I scrambled to my feet, clutching at the air like a drowning woman, and fled. My vision blurred with tears, my chest heaving with sobs that tore through me like knives. I stumbled into the lobby and collapsed into my seat, my trembling fingers clinging to the desk as though it could anchor me.
Sarah rushed over, her eyes wide with alarm. “Rebecca, what happened? I heard shouting from the executive suite!”
Her words cut off when he appeared.
The billionaire himself.
He stormed out of the elevator, his fury unhidden, every step radiating the kind of power that demanded silence. Without a glance at anyone, he tossed his room card onto the floor. The sharp clatter echoed through the lobby, silencing every whisper, freezing every breath. And then he left.
Gone.
The silence he left behind was deafening.
That night, I went home broken. My best friend had prepared dinner, the scent of stew filling our tiny apartment, but I couldn’t eat. I ignored his coaxing smile, ignored the spoon he pressed into my hand, and retreated to my room instead. Under the covers, I curled up small and cried until sleep finally claimed me.
Days blurred into weeks. Slowly, I adapted to the rhythm of hotel life. Guests smiled at me, my confidence grew, and no complaints ever reached the manager. Outwardly, things looked brighter. But inside, disappointment gnawed at me.
I stopped checking my phone for news from Robert’s Group of Companies. That dream felt dead, ashes scattered by cruel winds.
Until one morning.
I was tying my shoes for another shift when my phone buzzed. Without much hope, I picked it up then froze as I read the sender’s name.

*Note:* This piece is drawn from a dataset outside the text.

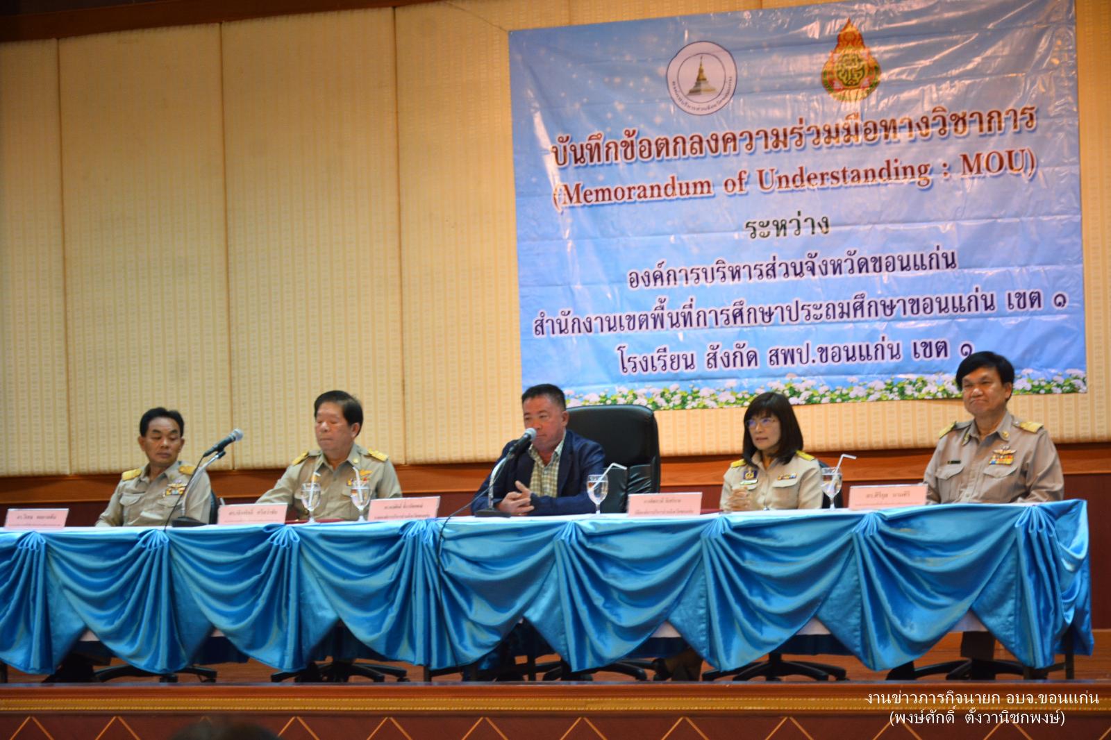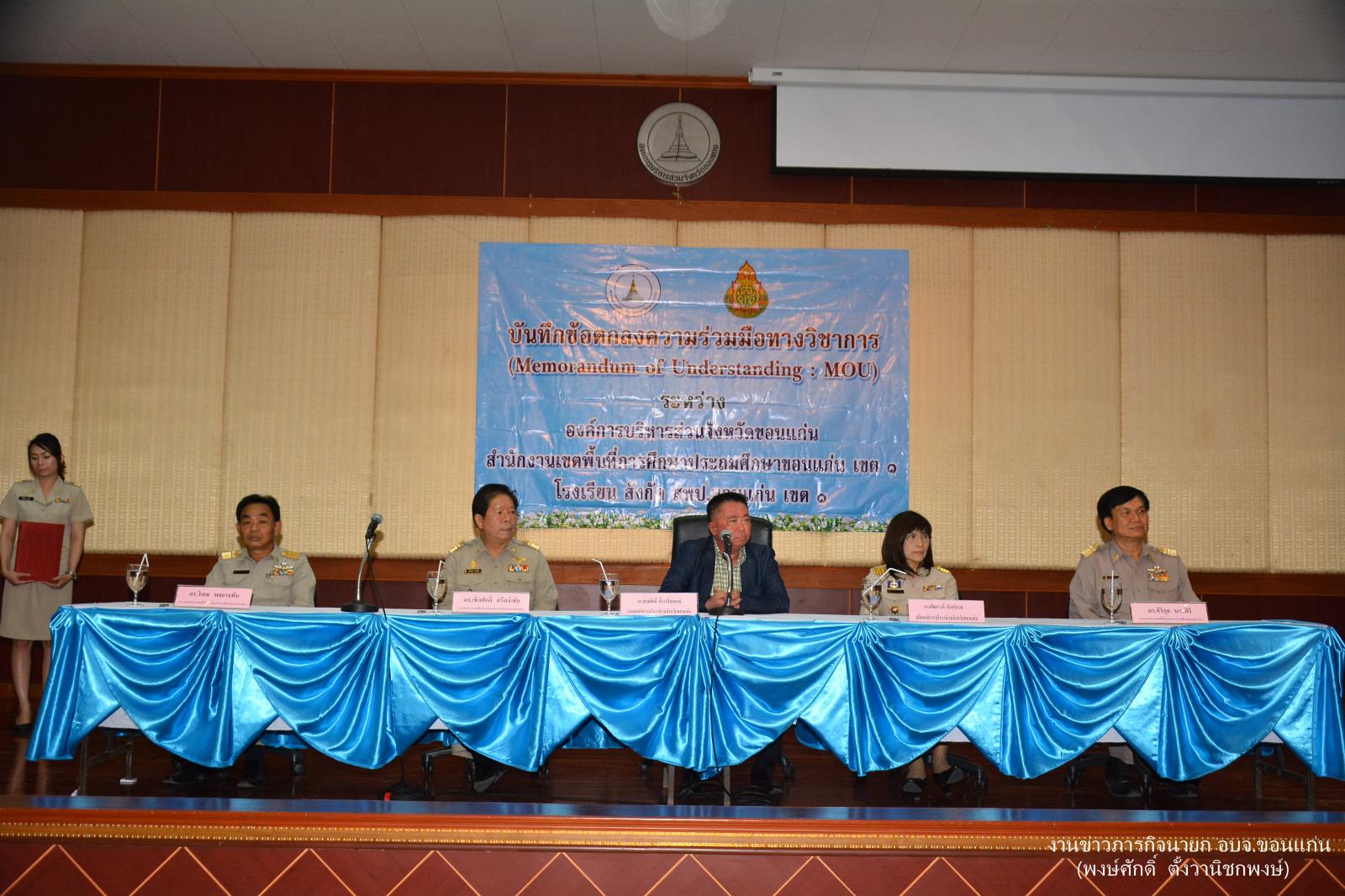 พิธีลงนามบันทึกข้อตกลงความร่วมมือทางวิชาการ (Memorandum of Understanding:MOU) ระหว่างองค์การบริหารส่วนจังหวัดขอนแก่น สำนักงานเขตพื้นที่การศึกษาประถมศึกษาขอนแก่น เขต 1 และโรงเรียนในสังกัด สพป.ขอนแก่น เขต 1 เมื่อ วันที่ 6 มิถุนายน 2559 ณ ห้องประชุมองค์การบริหารส่วนจังหวัดขอนแก่น..

My heart leapt. My hands trembled as I tapped the message open.
And then I screamed.
The sound was so raw, so loud, it rattled the air.
“What happened?!” My best friend burst into the room, his eyes wide with panic.
Wordlessly, I shoved the phone into his hands.
He read, his eyes widening before a grin stretched across his face. “Rebecca, you got the job! At Robert’s Group!”
His arms crushed me in a hug, and joy exploded inside me. After all the heartbreak, after humiliation and endless waiting my dream was alive again.
The very next day, I resigned from the hotel. The manager accepted with a stiff nod, Sarah hugged me tight, and just like that, I walked away from the marble lobby and chandeliers.
The weekend was a blur of preparation. My best friend and I sorted outfits, practiced introductions, laughed nervously as we imagined what awaited me. I barely slept that Sunday night. My nerves chewed at me until dawn, but excitement thrummed in my veins stronger than fear.
Monday morning, I rose before the sun. I dressed with trembling hands, whispered a prayer, and forced down a meager breakfast before rushing into the city.
The building of Robert’s Group loomed before me, taller, shinier, more imposing than I remembered. Its glass walls reflected the morning light like a mirror to the heavens.
Inside, a manager greeted me with a calm smile, motioning for me to sit. “You should know something,” he said evenly. “You weren’t given the position you applied for. You were chosen for something higher. A better role.”
Shock jolted through me. My heart raced as he stood and led me toward the elevator. “The boss will explain everything himself.”
The ride to the top floor felt endless. My thoughts swirled violently, questions tearing through me. Why me? What kind of role? What awaited me beyond those gleaming doors?
And then they opened.
The executive office spread before me polished floors, sleek furniture, a panoramic view of the city that made my knees weak. It was the kind of place where power breathed, where silence itself bowed.
And then the air shifted.
He arrived.
The moment he stepped inside, the room itself seemed to bend to him. My lungs constricted. My heart lurched painfully against my ribs.
I lifted my head.
And recognition struck like lightning.
It was him.
The man from the hotel suite and the cafe. The one who had humiliated me. The one whose wrath still burned in my memory.
The billionaire.
Steve Robert.
My new boss.
And as his dark, unreadable eyes locked on mine, I knew my life would never be the same again.